As can be observed in Fig. 1, the distribution of the participants, with time (LPT) and the number of correct answers in the reading of words (LPA) as variables, is very heterogenous in both groups (each point represents a participant). The mean of the words read correctly before implementing the PD proposal is of 15 words in both groups (vertical line), while the mean for time of reading the 20 words, correctly or incorrectly (horizontal line), is 98.18 s in the HIG-40 and 75.73 in the LIG-8. In Fig. 1, the diversity that the teachers had identified as a difficulty in teaching can be clearly observed, given that there was a group of participants who read the 20 words correctly in a short time. These would be on one extreme of the continuum and the other group who read fewer words, and took a longer time to do so, would be on the other extreme of the continuum.

Fig. 1
figure 1

Distribution of participants of HIG-40 and LIG-8 according to time and correct reading of words in PRE

Table 3 shows the results obtained by the HIG-40 and the LIG-8 in all the studied variables in the initial assessment (PRE), the value of the t statistic and p-values. There were no statistically significant differences in any of the studied variables, which leads to the conclusion that the groups were homogenous at the beginning of the proposal.

Table 3 Descriptive statistics, difference in means and p-values for HIG-40 and LIG-8 in PRE

Before establishing the critical or cut-off values, the extreme values in the ILF were eliminated from the total.

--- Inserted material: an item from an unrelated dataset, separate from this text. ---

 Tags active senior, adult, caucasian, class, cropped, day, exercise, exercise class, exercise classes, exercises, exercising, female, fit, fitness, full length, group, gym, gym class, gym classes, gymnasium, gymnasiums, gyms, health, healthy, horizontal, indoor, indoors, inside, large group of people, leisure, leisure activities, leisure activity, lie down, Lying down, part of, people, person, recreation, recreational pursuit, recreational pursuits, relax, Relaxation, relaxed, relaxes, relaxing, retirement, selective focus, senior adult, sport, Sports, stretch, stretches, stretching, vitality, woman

Those participants whose ILF was below the percentile 20 (5.294) would directly form part of the Risk level and would not be used to calculate the cut-off point. Once eliminated, the measurement criteria was established from the calculation of the mean (39.58) and the standard deviation (28.807) of the ILF to identify the levels in each class group.

It was estimated that those children whose scores were a standard deviation below the mean (M-1SD), would also form part of the Risk level (< 10.78). Those whose scores were a standard deviation above the mean (M + 1SD), would make up the Established level (> 68.38).

The factor analysis of variance (ANOVA) of a factor between groups, taking ILF as an in dependent variable in the HIG-40 showed statistically significant differences in the three reading levels F (2, 68) = 165.561; p = 0.000. The post hoc Scheffé test established significant differences between the Established and Emerging levels (p < 0.001), between the Established and Risk levels (p < 0.001), and between the Emerging and Risk levels (p < 0.001). As can be observed in Fig. 2, the Risk level is the lowest ILF sample and the diversity within this level is lower in both groups, with the distribution of the percentages of participants being 23.94% in the HIG-40 and 20.68% in the LIG-8. The Emerging and Established levels are seen to have greater diversity. The percentage of participants which are to be found in the Emerging level in the HIG-40 is 66.19% and in the LIG-8 it is 72.41%, while the distribution in the Established level in the HIG-40 is 9.85% and in the LIG-8 it is 6.89%.

Fig. 2
figure 2

Box-plot of the three levels within the performance continuum in the PRE

Diversity among participants after the PD proposal

Statistically significant differences can be observed between the pre-test (PRE) and the post-test (POST) intra-group in all the variables (Table 4). In the case of the HIG-40, the level of significance is p < 0.001 in all the variables, while in the case of the LIG-8, it is also p < 0.001 in all the variables except in NCL (p = 0.036) and in LPST (p = 0.001). Furthermore, the observed power in all the variables is close to the value 1.000 and the effect size is large. Both groups, in the variable NCL, obtained a smaller effect size in comparison with other variables while in the ILF this is large.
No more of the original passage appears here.